Stored items from a collection:
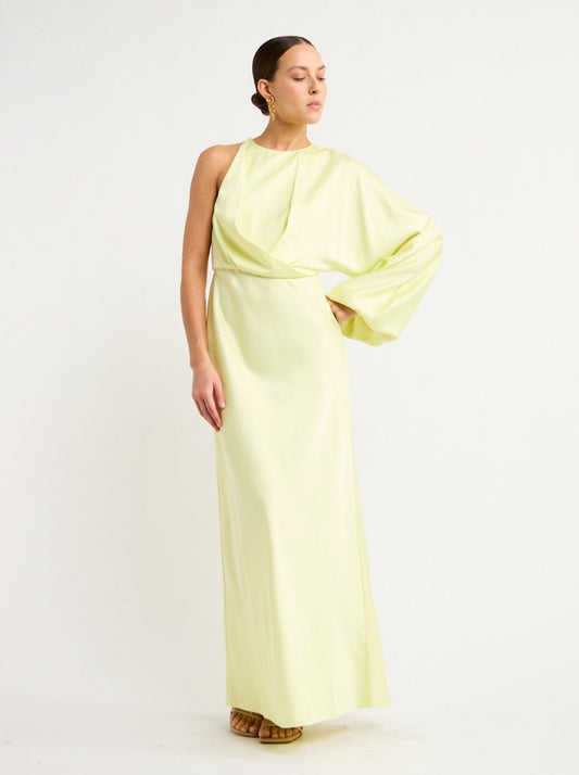 This luxurious midi dress features an asymmetrical one-shoulder cut, draped sleeve, and a high neckline for a truly statement look. With its bias cut and invisible back zip, the stunning Citron-hued dress is both flattering and comfortable.
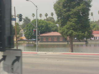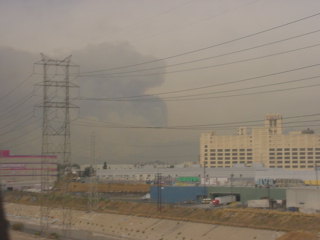 We crossed the Los Angeles River with the fire in view and would leave Los Angeles via San Gabriel.
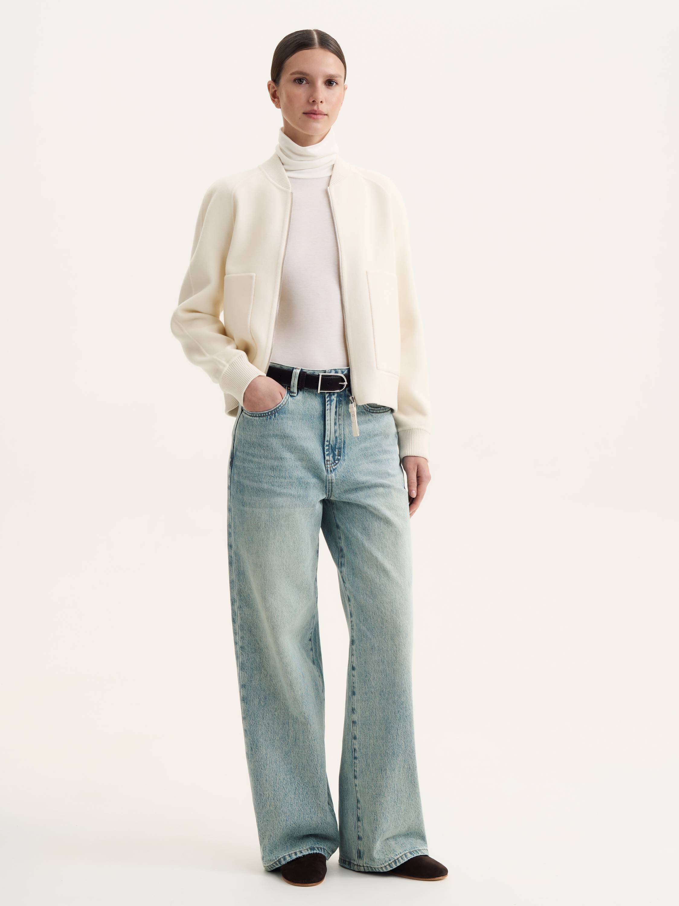 Бомбер из шерсти мериноса — сочетание современного стиля и премиального комфорта. Натуральная шерсть делает модель теплой, легкой и приятной на ощупь, а лаконичный силуэт подчеркивает универсальность дизайна. Рукава реглан обеспечивают свободу движений, трикотажная отделка манжет и воротника добавляет комфорт, а молния-застежка делает модель практичной для повседневной носки. Накладные карманы завершают образ, привнося в него баланс функциональности и минимализма. Этот бомбер станет стильной альтернативой классическим курткам и гармонично впишется в любой гардероб.
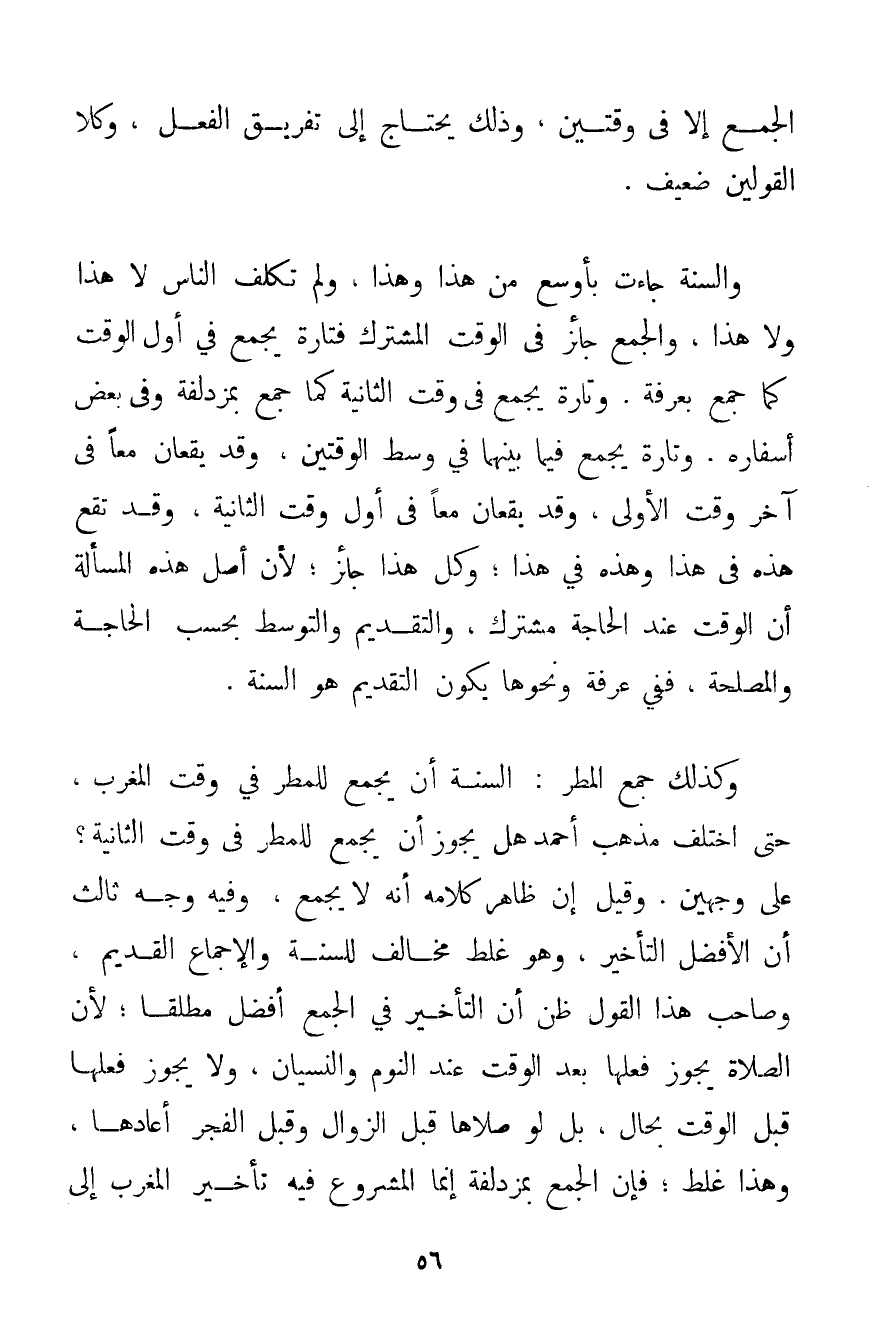 الْجَمْعُ إلَّا فِي وَقْتَيْنِ وَذَلِكَ يَحْتَاجُ إلَى تَفْرِيقِ الْفِعْلِ وَكِلَا الْقَوْلَيْنِ ضَعِيفٌ. وَالسُّنَّةُ جَاءَتْ بِأَوْسَعَ مِنْ هَذَا وَهَذَا وَلَمْ تُكَلِّفْ النَّاسَ لَا هَذَا وَلَا هَذَا وَالْجَمْعُ جَائِزٌ فِي الْوَقْتِ الْمُشْتَرِكِ فَتَارَةً يَجْمَعُ فِي أَوَّلِ الْوَقْتِ كَمَا جَمَعَ بِعَرَفَةَ. وَتَارَةً يَجْمَعُ فِي وَقْتِ الثَّانِيَةِ كَمَا جَمَعَ بمزدلفة وَفِي بَعْضِ أَسْفَارِهِ. وَتَارَةً يَجْمَعُ فِيمَا بَيْنَهُمَا فِي وَسَطِ الْوَقْتَيْنِ وَقَدْ يَقَعَانِ مَعًا فِي آخِرِ وَقْتِ الْأُولَى وَقَدْ يَقَعَانِ مَعًا فِي أَوَّلِ وَقْتِ الثَّانِيَةِ وَقَدْ تَقَعُ هَذِهِ فِي هَذَا وَهَذِهِ فِي هَذَا؛ وَكُلُّ هَذَا جَائِزٌ؛ لِأَنَّ أَصْلَ هَذِهِ الْمَسْأَلَةِ أَنَّ الْوَقْتَ عِنْدَ الْحَاجَةِ مُشْتَرَكٌ وَالتَّقْدِيمُ وَالتَّوَسُّطُ بِحَسَبِ الْحَاجَةِ وَالْمَصْلَحَةِ فَفِي عَرَفَةَ وَنَحْوِهَا يَكُونُ التَّقْدِيمُ هُوَ السُّنَّةَ.
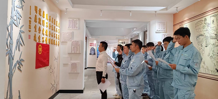 在反腐倡廉教育基地,團(tuán)支部書記岑俊慧帶領(lǐng)團(tuán)員青年們重溫入團(tuán)誓詞,新、老團(tuán)員青年面向團(tuán)旗整齊站立,在激昂的宣誓聲中,團(tuán)員們重溫入團(tuán)時(shí)的初心與使命,進(jìn)一步堅(jiān)定理想信念,增強(qiáng)作為一名共青團(tuán)員的光榮感和責(zé)任感。
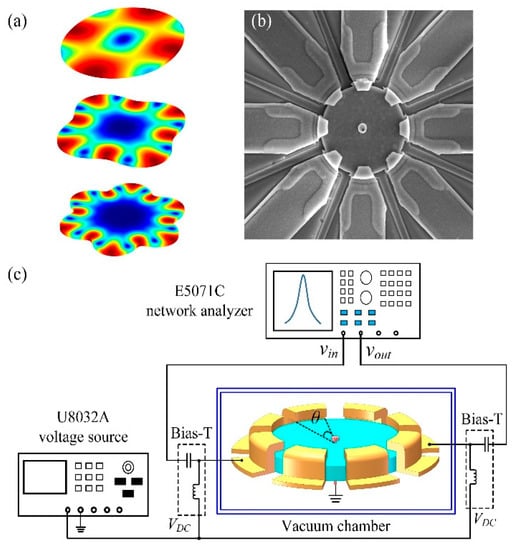 As shown in Figure 1c, with the central disk grounded, an AC signal together with a DC bias voltage were applied to the driving electrode using the bias-T; meanwhile, another DC bias voltage was applied to the sensing electrode to extract the motional current. The span angle of the electrode θ is critical for multi-mode excitations. According to dependence of the motional current on the span angle for each mode, the optimal angle of an individual mode is π/n. A small angle cannot provide sufficient electromechanical couplings for low-order modes, while the large one will suppress the high-order modes. Therefore, a traded-off value of 34° was employed [22]. The three-layer self-aligned process was adopted to batch fabricate the 37 μm and 18 μm-radius WGM resonators [28]. The nano-scale spacing gap of 70 nm was made via the thermal oxidation to reduce the impedance. The low pressure chemical vapor deposition low pressure chemical vapor deposition (LPCVD) device layer with nearly zero stress yielded a higher reliability and reduced energy dissipation. The fabricated resonator is shown as Figure 1b.
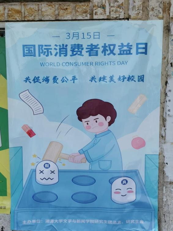 研究生会成员在校园各个宣传栏处以张贴海报、挂横幅的方式,图文并茂的让大家对"消费者权益日"进行了解,并通过宣传标语让大家了解权益维护的渠道和途径。
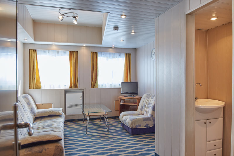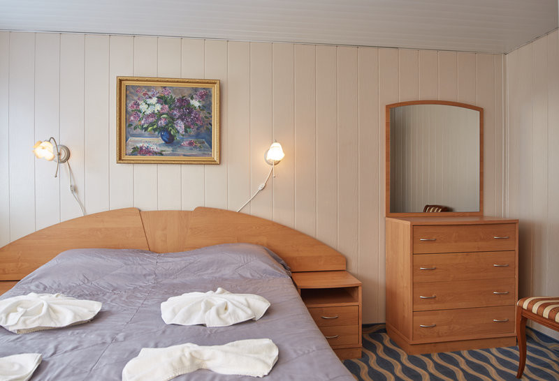 Для размещения туристов предусмотрены 1-, 2- и 3-х местные каюты на шлюпочной, средней, главной и нижней палубах. Имеются каюты повышенной комфортности - люкс и полулюкс. Каждая каюта оснащена дущем, туалетом, умывальником, кондиционером, холодильником, телевизором, внутренней телефонной связью.
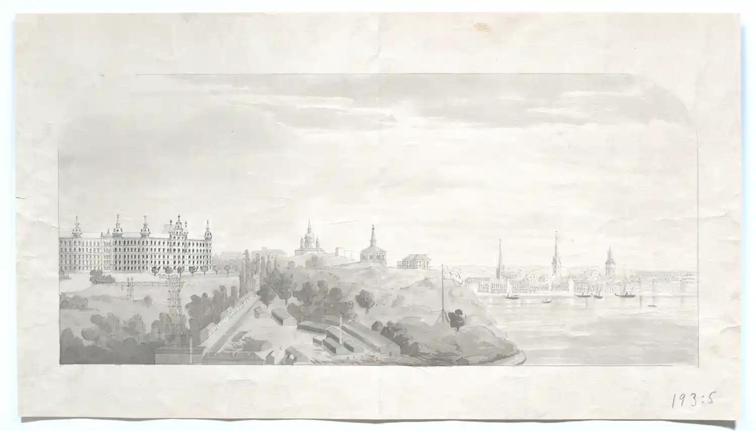 Utsikt från trakten vid vid Erstabergen över Fåfängan och Gamla Stan. Katarina Kyrka i fonden,. Tuschteckning
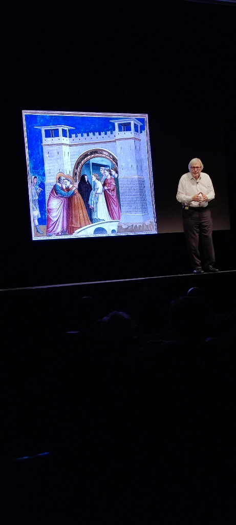 Giotto che nelle sue opere riesce a dar vita ai sentimenti, che è capace di ritrarre il silenzio, l’amore, il desiderio e la malinconia, trasforma i suoi affreschi in magnifiche poesie. Così nel famoso affresco della Cappella degli Scovegni a Padova nell’incontro tra Anna e Gioacchino davanti alla porta d’oro riesce a farci percepire tutta la poesia di un amore puro e pieno: “la più bella immagine dell’amore nella storia della pittura” la definisce Sgarbi.

**YOUR OBJECTIVE**
What you need to copy is the run of lines from the one holding "研究生会成员在校园各个宣传栏" through the end of the data, exactly and only, both ends included, pictures omitted.

**OUTPUT BELOW**
 研究生会成员在校园各个宣传栏处以张贴海报、挂横幅的方式,图文并茂的让大家对"消费者权益日"进行了解,并通过宣传标语让大家了解权益维护的渠道和途径。
 Для размещения туристов предусмотрены 1-, 2- и 3-х местные каюты на шлюпочной, средней, главной и нижней палубах. Имеются каюты повышенной комфортности - люкс и полулюкс. Каждая каюта оснащена дущем, туалетом, умывальником, кондиционером, холодильником, телевизором, внутренней телефонной связью.
 Utsikt från trakten vid vid Erstabergen över Fåfängan och Gamla Stan. Katarina Kyrka i fonden,. Tuschteckning
 Giotto che nelle sue opere riesce a dar vita ai sentimenti, che è capace di ritrarre il silenzio, l’amore, il desiderio e la malinconia, trasforma i suoi affreschi in magnifiche poesie. Così nel famoso affresco della Cappella degli Scovegni a Padova nell’incontro tra Anna e Gioacchino davanti alla porta d’oro riesce a farci percepire tutta la poesia di un amore puro e pieno: “la più bella immagine dell’amore nella storia della pittura” la definisce Sgarbi.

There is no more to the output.